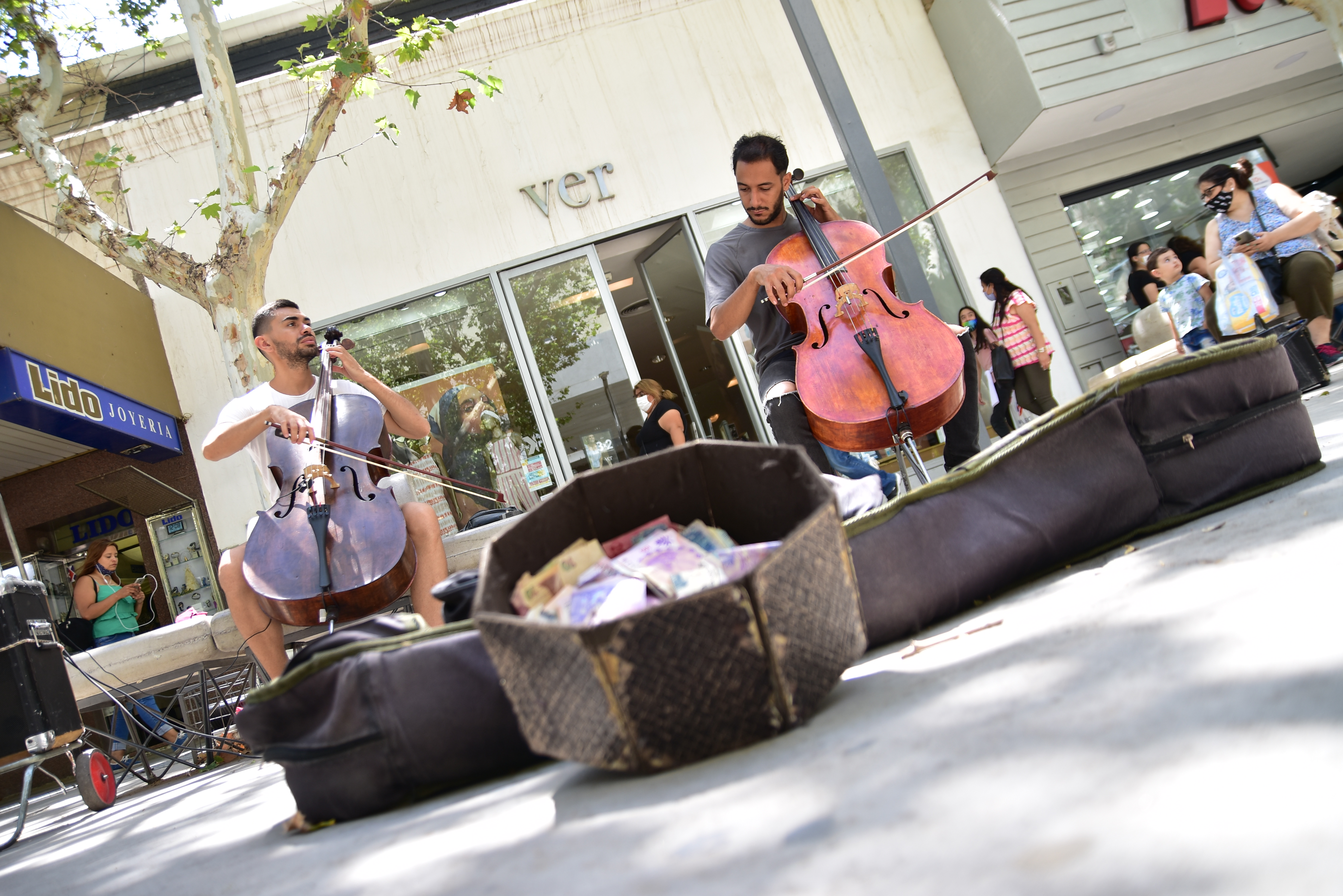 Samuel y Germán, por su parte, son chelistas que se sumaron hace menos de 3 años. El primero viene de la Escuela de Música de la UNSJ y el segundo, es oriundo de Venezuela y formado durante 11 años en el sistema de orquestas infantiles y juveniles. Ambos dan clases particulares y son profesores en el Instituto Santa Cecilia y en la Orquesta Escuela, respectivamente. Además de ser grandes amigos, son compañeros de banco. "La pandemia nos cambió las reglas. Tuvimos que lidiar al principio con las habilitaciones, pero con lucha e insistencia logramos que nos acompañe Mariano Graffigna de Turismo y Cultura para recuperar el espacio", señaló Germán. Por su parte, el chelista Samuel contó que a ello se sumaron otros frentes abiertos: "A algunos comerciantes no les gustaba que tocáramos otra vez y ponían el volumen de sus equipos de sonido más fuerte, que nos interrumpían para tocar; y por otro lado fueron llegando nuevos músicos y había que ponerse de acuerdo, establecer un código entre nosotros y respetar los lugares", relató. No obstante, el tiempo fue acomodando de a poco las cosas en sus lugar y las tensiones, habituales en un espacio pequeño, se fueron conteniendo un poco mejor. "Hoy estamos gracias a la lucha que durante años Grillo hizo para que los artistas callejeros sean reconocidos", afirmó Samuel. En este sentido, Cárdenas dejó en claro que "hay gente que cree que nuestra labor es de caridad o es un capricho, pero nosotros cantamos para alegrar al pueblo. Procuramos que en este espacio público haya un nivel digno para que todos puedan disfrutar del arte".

════════

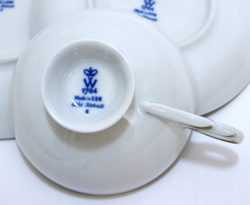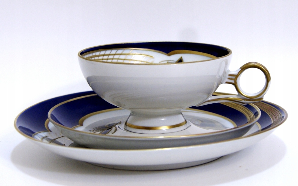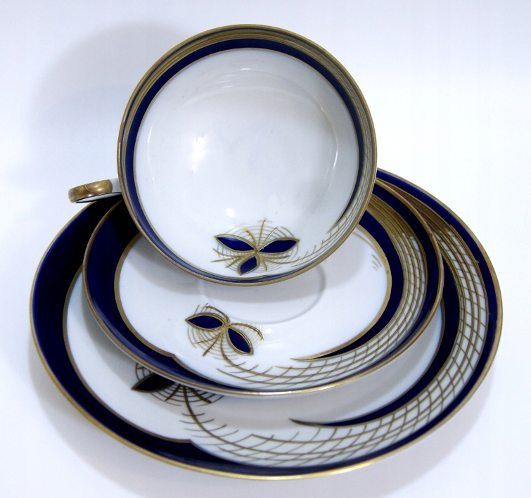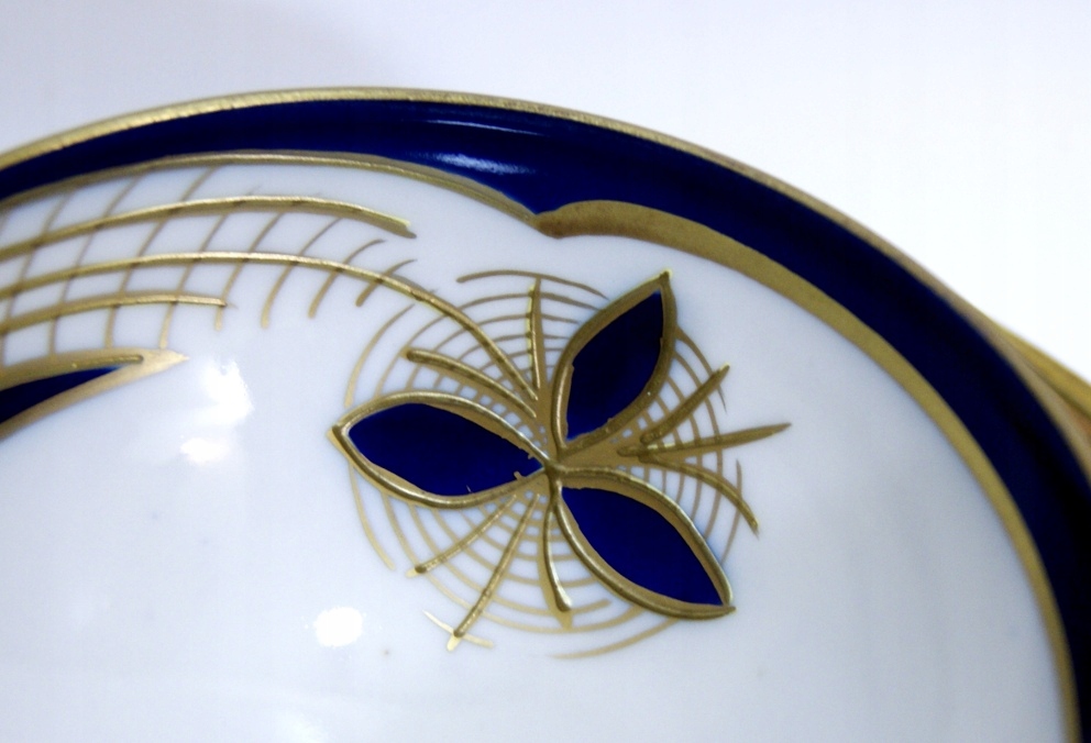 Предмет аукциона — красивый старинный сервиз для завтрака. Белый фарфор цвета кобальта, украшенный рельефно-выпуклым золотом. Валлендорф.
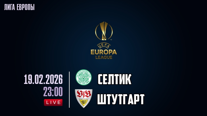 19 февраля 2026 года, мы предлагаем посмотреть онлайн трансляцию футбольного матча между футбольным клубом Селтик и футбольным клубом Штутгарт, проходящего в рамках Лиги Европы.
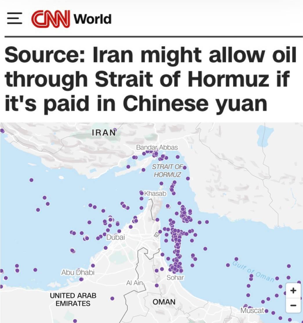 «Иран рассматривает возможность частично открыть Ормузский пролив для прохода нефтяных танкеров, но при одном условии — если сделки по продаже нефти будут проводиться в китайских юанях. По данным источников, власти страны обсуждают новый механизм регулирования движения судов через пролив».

════════

▶ **Exercise description**
The material above holds pictures; leave them out. Repeat exactly the lines from the one containing "Предмет аукциона —" through the one containing "рассматривает возможность частично", and nothing else.

▶ **Answer area**
 Предмет аукциона — красивый старинный сервиз для завтрака. Белый фарфор цвета кобальта, украшенный рельефно-выпуклым золотом. Валлендорф.
 19 февраля 2026 года, мы предлагаем посмотреть онлайн трансляцию футбольного матча между футбольным клубом Селтик и футбольным клубом Штутгарт, проходящего в рамках Лиги Европы.
 «Иран рассматривает возможность частично открыть Ормузский пролив для прохода нефтяных танкеров, но при одном условии — если сделки по продаже нефти будут проводиться в китайских юанях. По данным источников, власти страны обсуждают новый механизм регулирования движения судов через пролив».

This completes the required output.